The Hope Project site in north Cornwall

“It’s impossible to get to a rock and climb up it with a gang of kids, who are extra lively, extra colourful, extra noisy as kids are, and you’re trying to go up a rock with them or get to a crag with them and the people who are there already are giving them funny looks.”

The police investigated the fire at the couple’s stables.

A spokesperson for Devon and Cornwall Constabulary said: “Police were called after reports of a barn fire in St Agnes in the early hours of 8 January.

“The fire was put out and no-one suffered any injuries.

“Following the fire, which was treated as suspicious, an allegation that the incident was a racially aggravated arson was made.

“Police have conducted a thorough and lengthy investigation and spoken to a number of people as part of the enquiry. Police will continue to follow up any new leads and information.”

Mr Farmer says, however, that he has contacted police 35 times, including one incident where he reported that one of his neighbours had shot him with a stun gun, fired pepper in his face and said: “Nigger, we’re going to burn you down.”

But he says the police are not recording the incidents properly as racial offences. “If they shout ‘nigger’ out of the window as they try to run me over, I consider that as racist.”

“I say it’s complete poppycock.

“The police are full of empty words.”

Mr Farmer says he is surprised that he has been turned into what people are calling a climbing activist.

The climber was tackling E4 routes at his peak

The climber was tackling E4 routes at his peak

“I have now turned into a fellow that fights for the right of kids to go climbing. But I thought I was a fellow who took kids climbing.

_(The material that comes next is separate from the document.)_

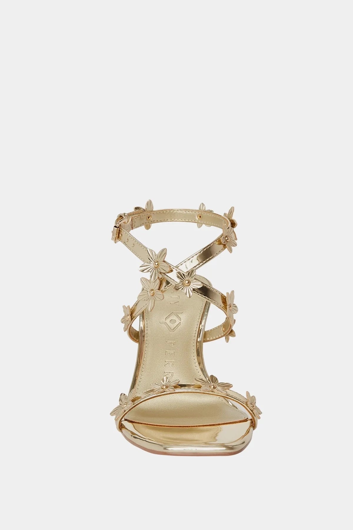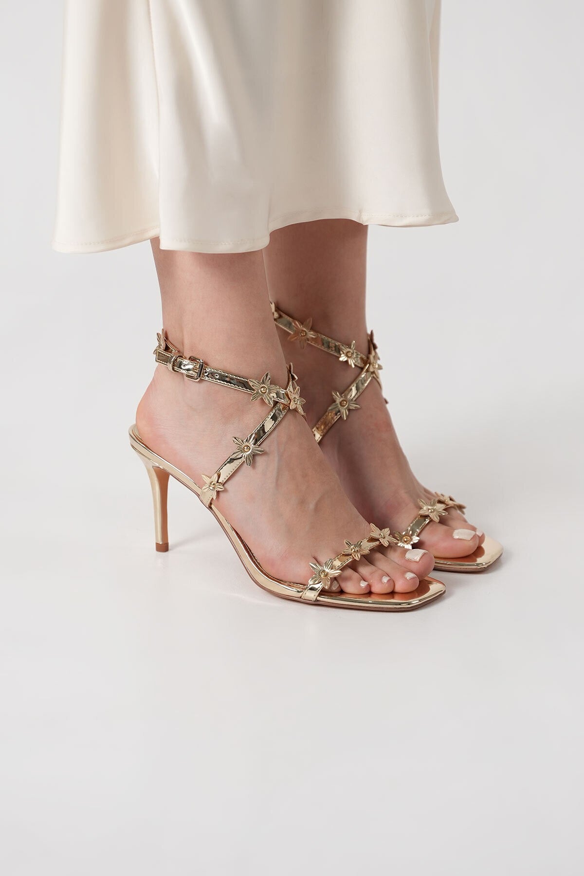 The Analia Kadın Metalik Şampanya Çiçekli Sandalet

“I’m sick of fighting for the right for kids to go climbing. I just want to take them climbing,” he said.

“I would like us to be able to walk down the street, with a group of kids and we would like people to smile, and nod their heads; and we would nod our heads.”

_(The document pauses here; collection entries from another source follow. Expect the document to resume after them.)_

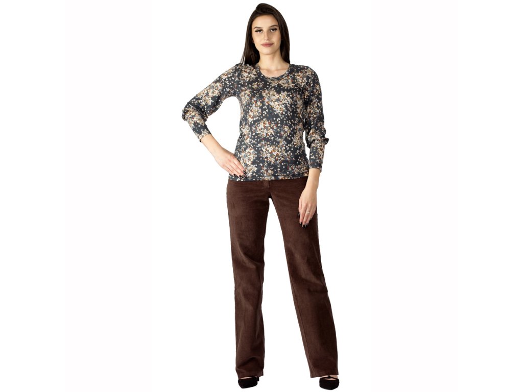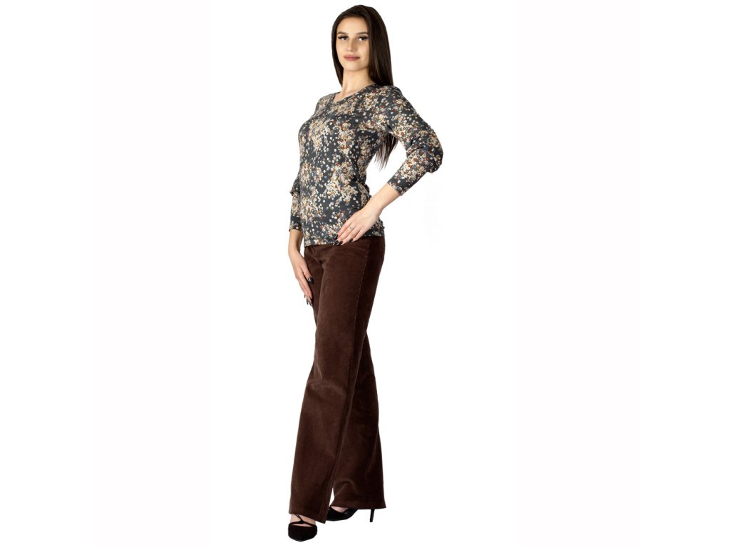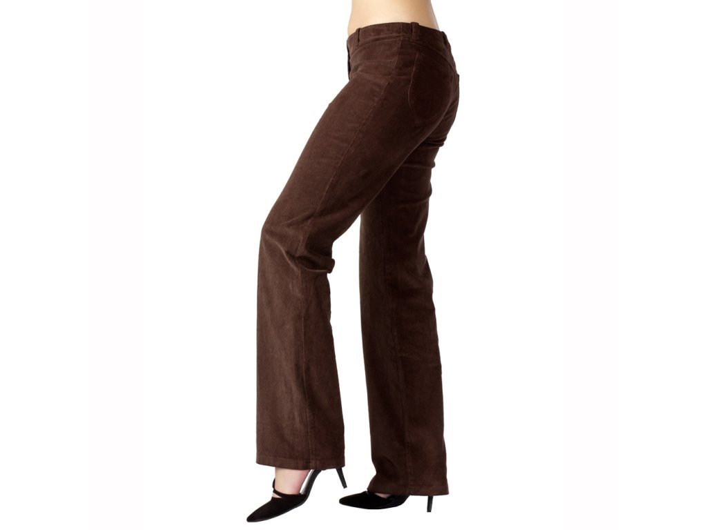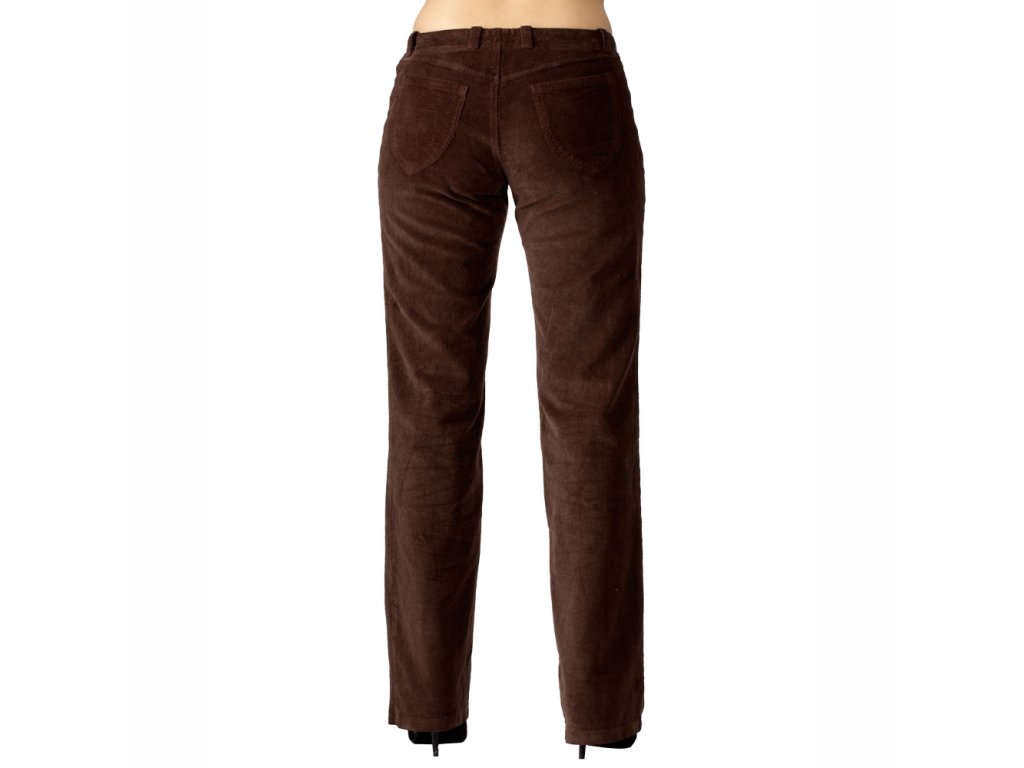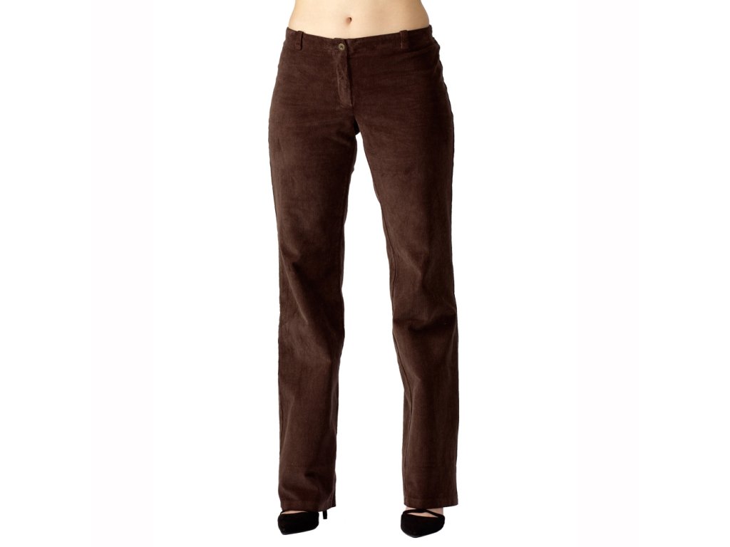 Dámske menčestrové nohavice tmavo hnedej farby s rovnými nohavicami. Dolný obvod nohavíc pri veľkosti 36 je 46 cm. Predný diel je bez členenia, zadný diel je členený sedlom a sú tu našité vrecká. Oblasť pása je zapravená tvarovanou podsádkou a je doplnená pútkami. Menčester s jemným rebrovaním.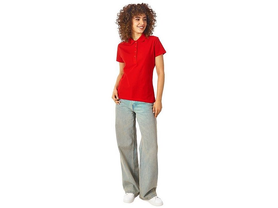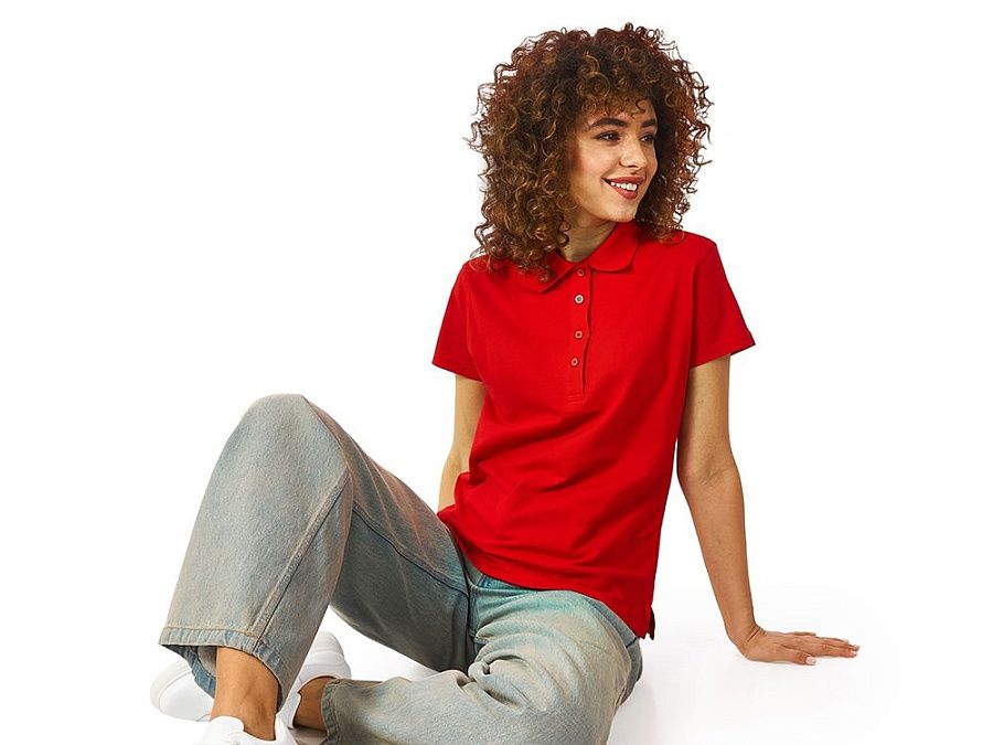 Женская рубашка-поло First. Воротник 1х1. Обшивка внутри воротника. Мужская и детская модели с 2 пуговицами, женская - с 4 пуговицами. Пуговицы с гравировкой в тон. Пике, 100% хлопок. 160 г/м2.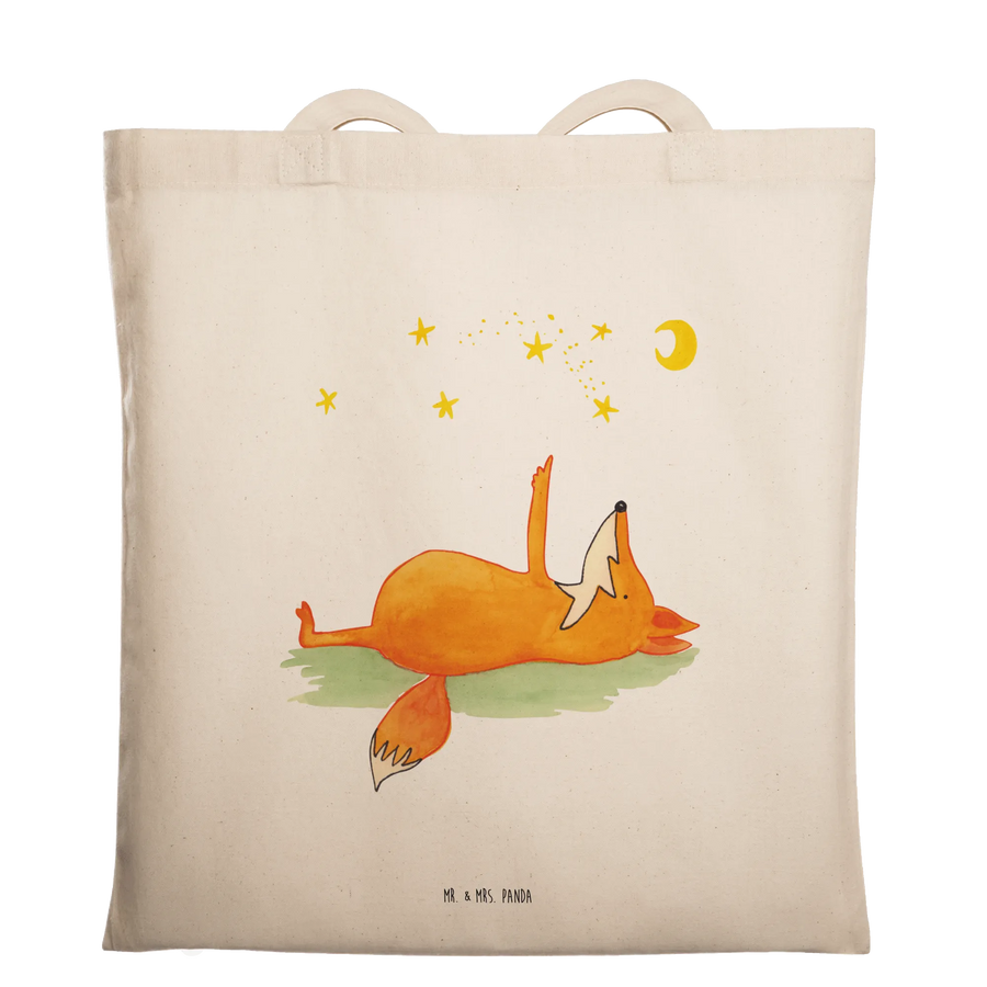 Die Tragetasche "Fuchs Sterne" von Mr. & Mrs. Panda ist das perfekte Accessoire für alle, die die Sterne lieben und täglich Freude verbreiten möchten. Hochwertig aus 100% Baumwolle gefertigt, vereint diese liebevoll gestaltete Tasche Funktionalität und Stil. Mit einem süßen Fuchs, der auf dem Rücken liegt und den Sternen zuschaut, bringt das Design Freude in deinen Alltag. Der Slogan "Always look on the bright side of life" erinnert dich daran, stets positiv zu bleiben, ganz gleich, was kommt.

He said the council and the police should work to make the outdoors inclusive, not exclusive as he sees the area around St Agnes.

Mr Farmer has had a great deal of support from fellow climbers across the country, through the UKClimbing forums.

He has had offers of money and gear from people he has never met.

“But I’ve spent all week saying to people: please don’t send me cash.”

He also said people had rung him to say they had collected gear for him at climbing walls, but he is worried that people would question his motives.

Nevertheless, people have turned up with vanloads of gear, including a man who had driven down from Sheffield after collecting from equipment from climbers.

But despite the attacks on Mr Farmer, his partner and his daughter, he has one message for the people who want to drive him out of town: “We are not going. I’m staying here, even if I stay here on my knees. It might take us longer to do what we’ve got to do, but at the end of the day, Cornwall is not Russia.”